O jovem inglês observava com atenção todas as bancadas. Ensaiou a intimidade com alguns escritores, a maior
parte dos nomes nada lhe dizia. Eça de Queiroz, Maurice
Renard, Reinaldo Ferreira… De vez em quando, Álvaro
apontava um livro, pegava noutro, contava-lhe a história, falava-lhe do autor, continuavam sem pressas.
24
Anoitecera completamente. Levantaram a gola do casaco, atravessaram a praça, desapareceram pela Rua da
Prata. Aos poucos, a cidade perdia vida.
—Por que razão escreve, senhor Malcolm?
Não respondeu imediatamente.
—Nunca pensei nisso a sério. Talvez acredite que a literatura nos torna melhores.
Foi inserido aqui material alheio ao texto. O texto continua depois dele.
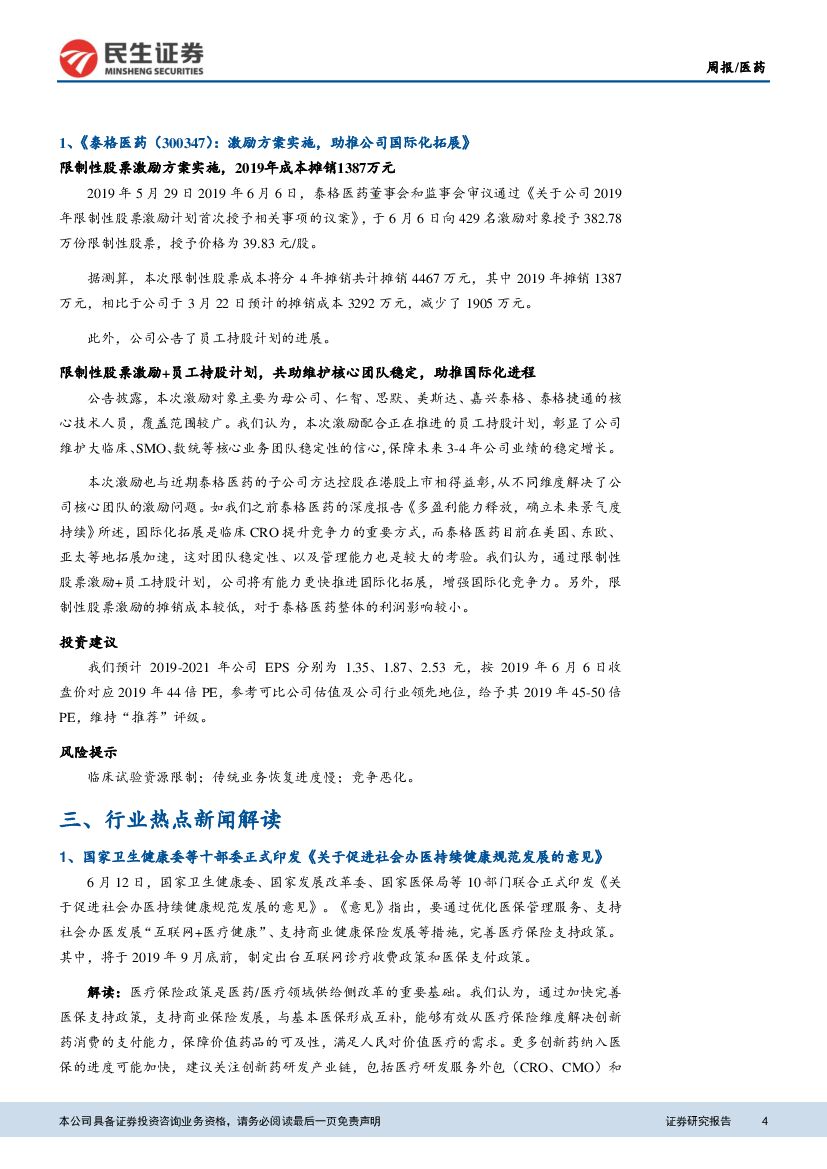 民生证券:医药周报:泰格医药限制性激励方案实施,医保政策完善.pdf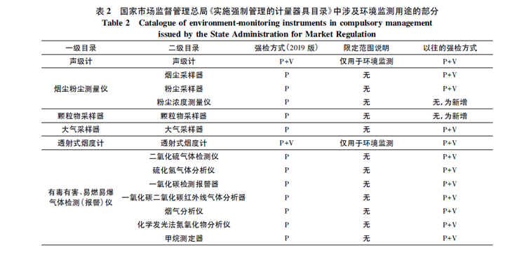 根据2018年修正的《中华人民共和国计量法》及《中华人民共和国计量法实施细则》强制检定的范围为列入《中华人民共和国强制检定的工作计量器具明细目录》(以下简称《明细目录》)日用干贸易结算、安全防护、医疗卫生、环境监测领域的工作计量器具。2019年10月,国家市场监督管理总局发布了《实施强制管理的计量器具目录》(以下简称《目录》),首次采用了“P”(型式批准)和“P+V”(型式批准+强制检定)的管理办法。相较于较早版本的《明细目录》新《目录》大幅减少了强制检定的工作计量器具类别。如表2所示。对于明确或者可能涉及环境监测用途的工作计量器具,基本以强制型式批准方式为主,规定须强制检定的工作计量器具仅包括声级计、透射式烟度计,而诸如环境检测实验室通用的砝码、天平和分光光度计等仪器均已不再列入《目录》。同时,结合技术发展情况与需求,新增了颗粒物采样器及粉尘浓度仪。列入强制管理范畴。对于采用“P+V”管理模式的工作计量器具,必须按照规程要求定时定点送至指定的法定计量检定机构进行周期检定,如当地计量检定机构无资质,可送至上级检定机构:对干采用。”管理模式的器具则可由机构自主决定在量值管理中采用检定(非强制)或校准的溯源方式。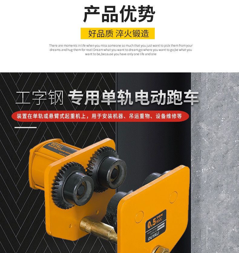 ハンドプッシュスポーツカー幅調整可能0.5t1t2T3T5トンI字型スライドホイストホイスト単軌道電動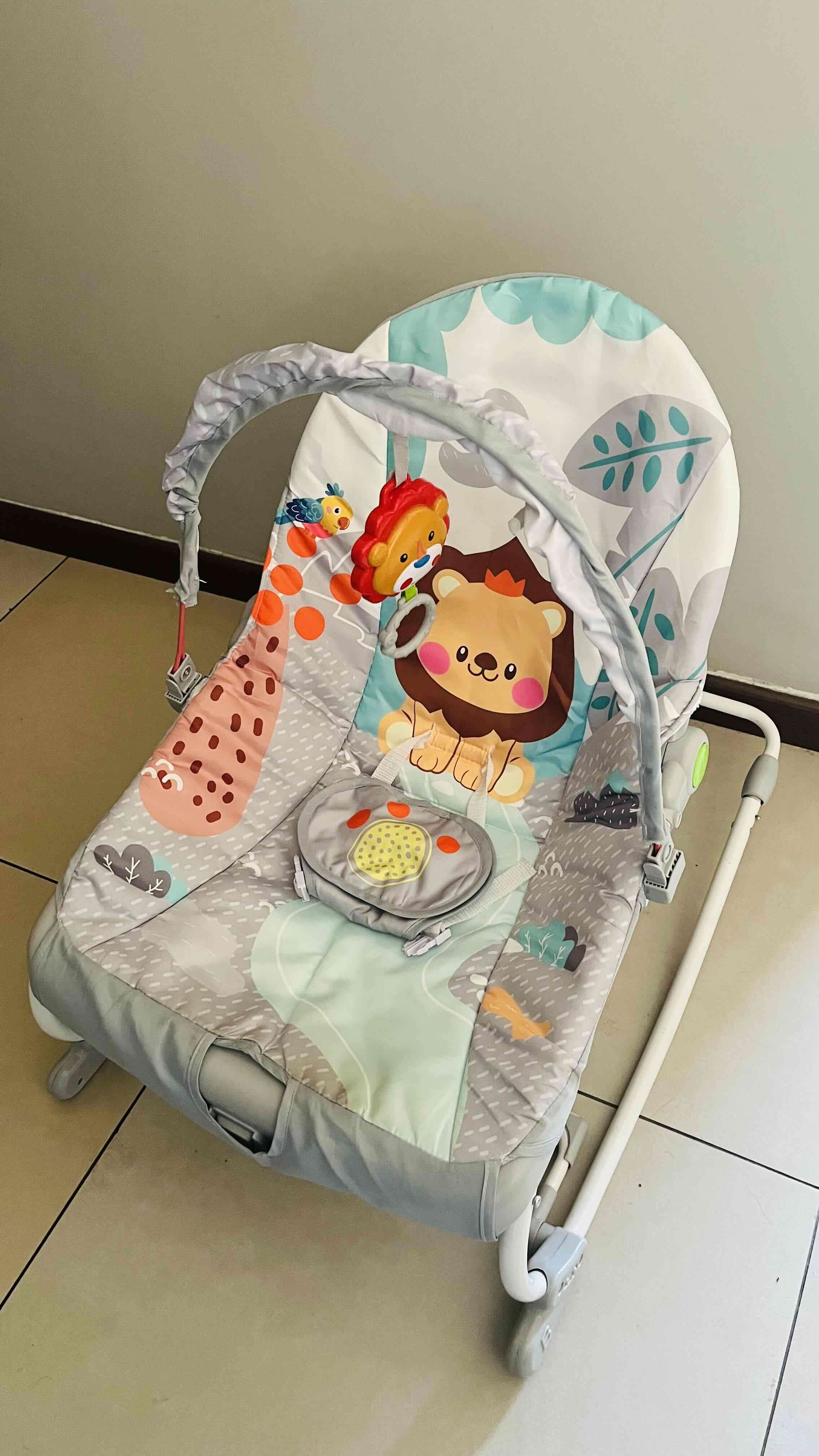 Silla mecedora de bebé con diseño de león, en muy buen estado, ideal para entretener al bebé. Incluye 1 juguete colgante.

—Pode ser, pode ser... Mas não acha que a literatura
pode ser também uma forma de negar a vida?
—Porque inventa uma vida paralela?
—Finge a vida. E fingindo-a não faz mais do que negála…
—Mas isso aconteceria também, por exemplo, com a
música.
—A música é uma interpretação da vida; a literatura é
uma forma de sonharmos.
—Eu diria que reinventa a vida. E reinventando-a pode
humanizar-nos…
—Não nos tornaria melhores também a pintura, senhor
Malcolm? Haveria por isso menos gente a pedir nas
ruas? Ou mais civilidade no vapor para o Porto se fosse
instalada uma grafonola no comboio? Poderia dar-lhe
mil respostas, todas diferentes umas das outras, todas
inconclusivas.
25
De repente, Álvaro parou, levantou o braço esquerdo,
indicador esticado:
—É aquele o meu navio —disse, apontando para uma
janela do primeiro andar—. Há dez anos.
Procurou umas chaves nos bolsos.
—Espere um minuto, por favor.
Malcolm viu o português desaparecer por uma porta.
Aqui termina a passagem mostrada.